Destination. The pilot can't just land in a random location and declare, "You have arrived." He must make proactive choices to reach a predetermined destination. Similarly, we need to choose our fiscal destination and work towards landing there, rather than reporting where we have landed. From a fiscal standpoint, the destination has to include a trade surplus ($600 billion), a modest budget surplus ($600 billion), and low unemployment (trade surplus of $600 billion is an implementable idea, and can result in adding 10 million jobs. The extra economic activity will result in increased tax revenues. In addition, effectively making the transition from sicknesscare to healthcare will help trim spending.
The Plan.
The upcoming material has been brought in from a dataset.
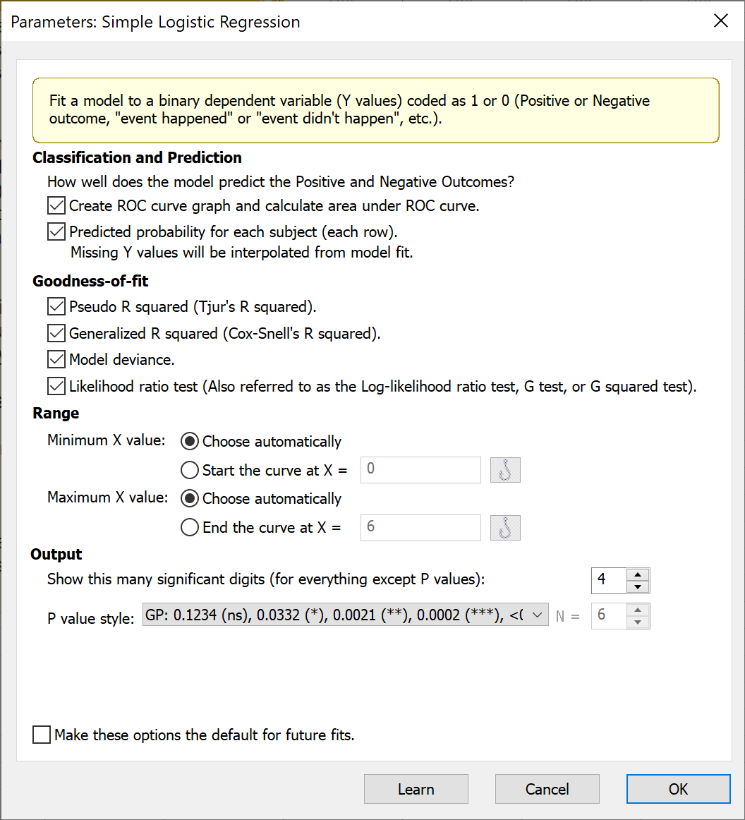A logistic plot is automatically generated when you perform simple logistic regression. You can allow Prism to choose the default minimum and maximum X values for plotting this curve based on your data, or you may choose to increase or decrease these limits as you choose.
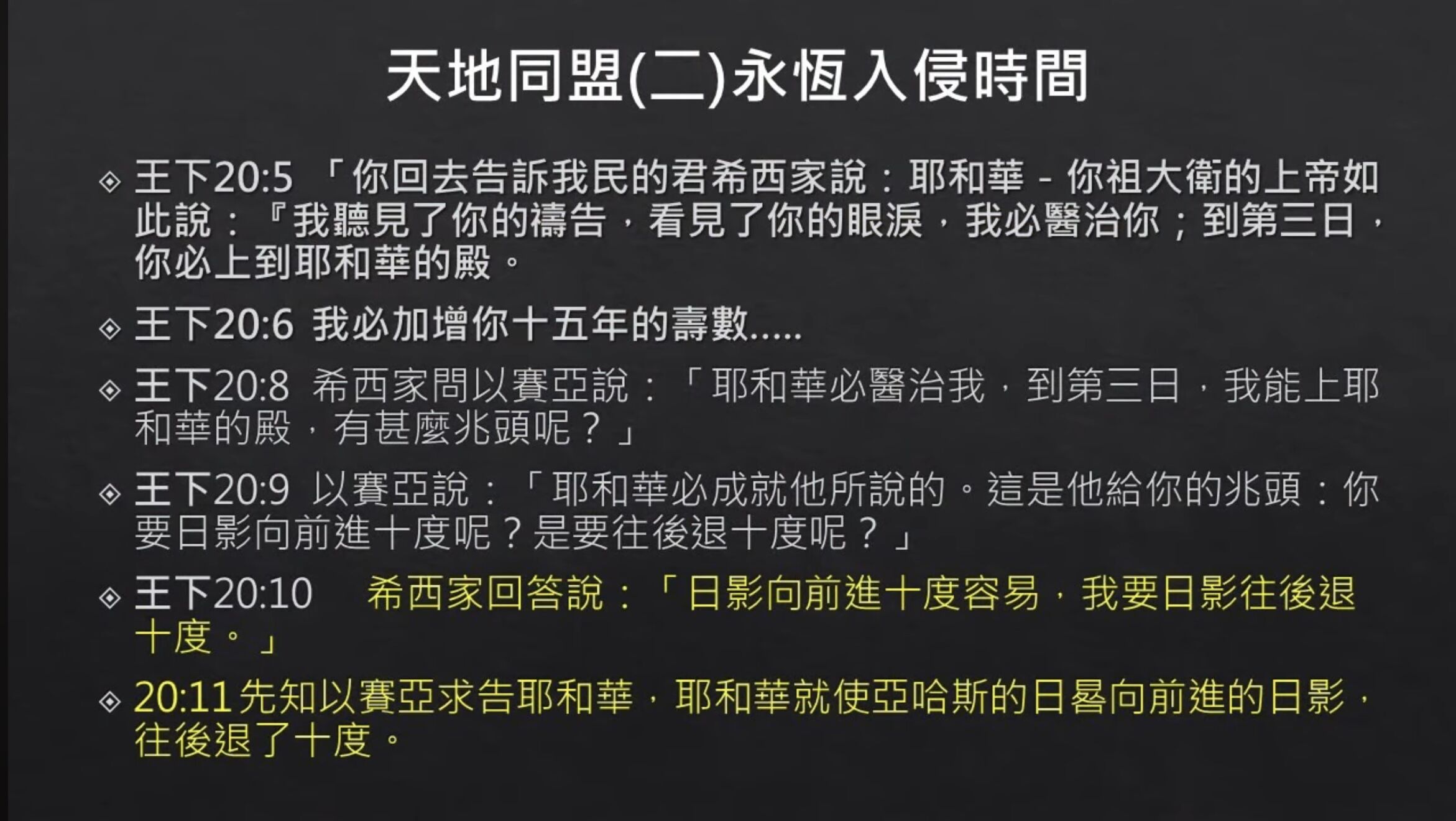 約書亞日月止住、西西家延壽與日影後退:神能掌管時間並給記號。

The pilot doesn't take off until he has a clear flight plan, and he can understand how it will take him from the starting point to the destination. Similarly, the government needs a plan that will get us there. Unlimited quantitative easing until the economy improves is no plan. While monetary and fiscal policy instruments (interest rates, money supply) are necessary, they will not suffice. After all, trade surplus, budget surplus, and unemployment are greatly determined by the economic activity of individuals and corporations. So there must be economic activity policy variables available to influence them directly.
Course Correction. As we mentioned above, the pilot knows that he is going to be off 95% of the time. He expects variation from plan, and deals with it. There is a cockpit full of tools that tell him where he is, relative to where he should be. He has knowledge and judgment to bridge that gap. He then reads those measurements and uses this knowledge to course-correct throughout the journey. He is not waiting for some deadline (for example, the end of a quarter) to decide what to do. Similarly, our leaders need to expect fiscal variation, and not freeze in surprise each time there is a variation. Just like the pilot makes a calm assessment and operates the right levers, we need to make a calm assessment and fine-tune the right set of policy variables.
Unless systems are in place to address each of these critical variables, even if we escape this fiscal cliff, we will continue to face dangers of fiscal cliffs in the future. Further, the biggest legacy President Obama can leave behind is leaving such a system behind for all future Americans, rather than just crossing this fiscal cliff.